# Beaver Castor



## maanjus11 (Nov 17, 2006)

Anyone around the GF area that I could get some fresh castor from or could point me in the right direction?

Thanks in advance.


----------



## Jungda99 (Nov 17, 2006)

you could recycle last years. haha


----------



## Trapping God (Apr 14, 2009)

I have been trapping for a couple of years now and the best beaver castor i have ever used is called TIMBER. you can buy it from Cavens trapping supplies on the internet. Best castor ever made


----------



## maanjus11 (Nov 17, 2006)

Might have to try it.

After using real castor and mixing it with water in a jar, I don't know how the results could be any better personally. I guess you never know though.


----------



## Trapping God (Apr 14, 2009)

you know you could just take fresh castor from a trapped beaver and put some preservitives in it. but Cavens TIMBER is still my favorite!!


----------



## ND trapper (Nov 14, 2006)

maanjus11 said:


> After using real castor and mixing it with water in a jar, I don't know how the results could be any better personally.


I have to agree with ya.

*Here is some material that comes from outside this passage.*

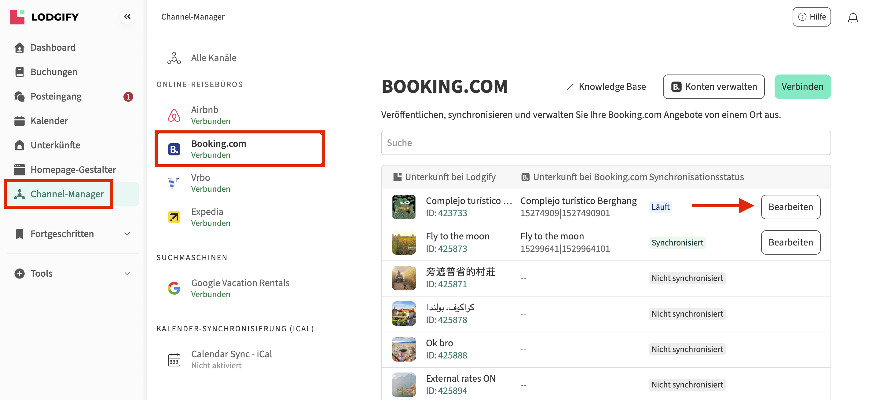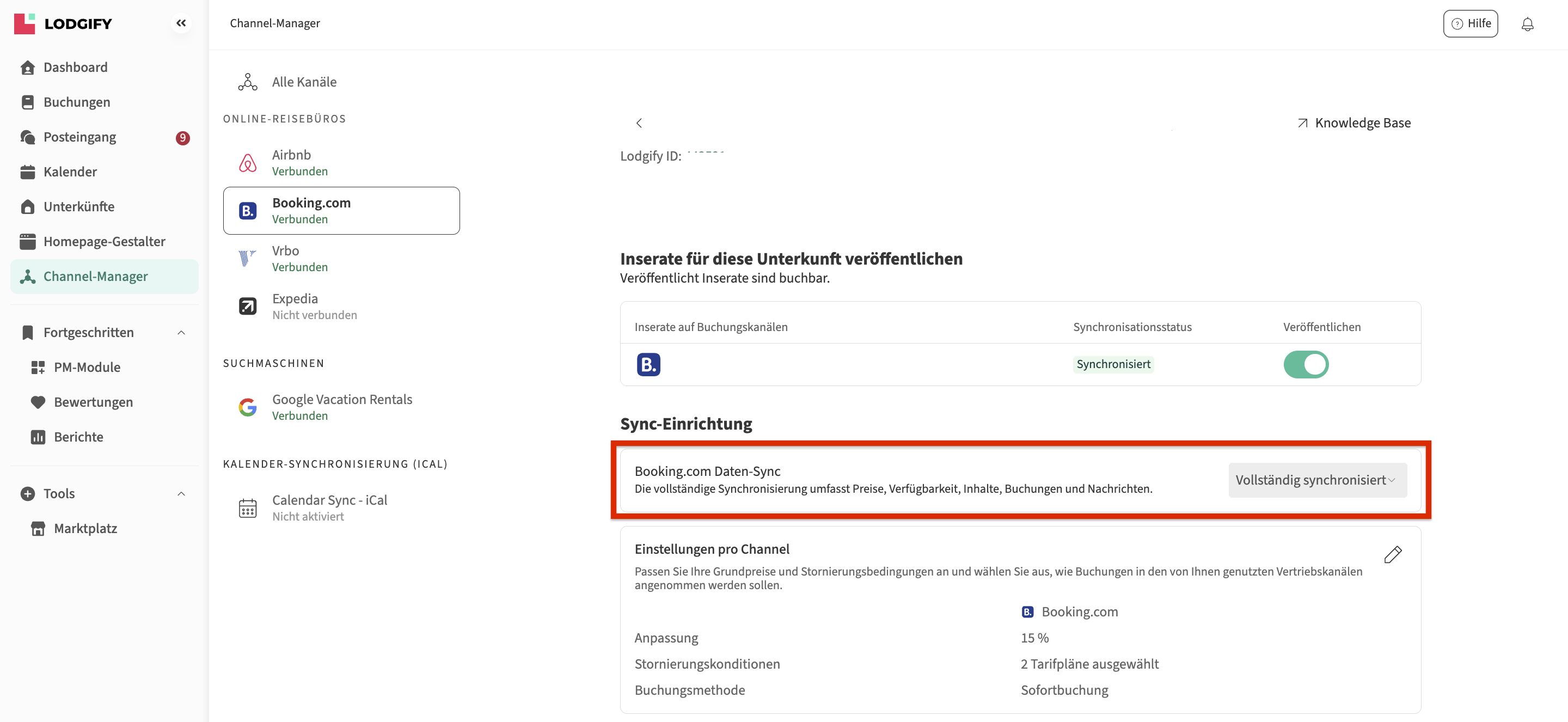 Die Integration mit Booking.com ist eine bidirektionale Synchronisierung.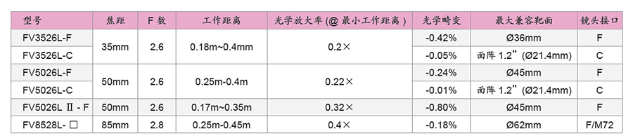 214643/FV5026L II-F/FV-L系列用于线阵和面阵摄像机的微距镜头

Most hardcore beaver guys that I know make their own beaver lure and it performs just as good as the commercial stuff.


----------



## Trapping God (Apr 14, 2009)

Yeah u would be best to make your own castor it would be a lot cheaper. But i guess it's up to u.


----------



## xdeano (Jan 14, 2005)

Timber isn't bad. But I'd rather use my own. You can grid it green, add a little glycerin or heavy mineral oil to preserve it. Or dry it down and, grind it and add some heavy mineral oil. Don't forget to pull the oil sacks out while you're pulling the castors.

Just about any supply house will carry castors if you're looking. Dusty Hough, (Fur Shed), is probably the closest supply house that is close to GF. It's down in Downer, MN. (218) 937-5628 if you want to speak to him.

later,
Deano


----------



## Trapping God (Apr 14, 2009)

Hey maanjus 11 how many castors are you looking for??? and what are you willing to spend for a castor. because I have a lot of beaver castor on hand and am willing to send you some.


----------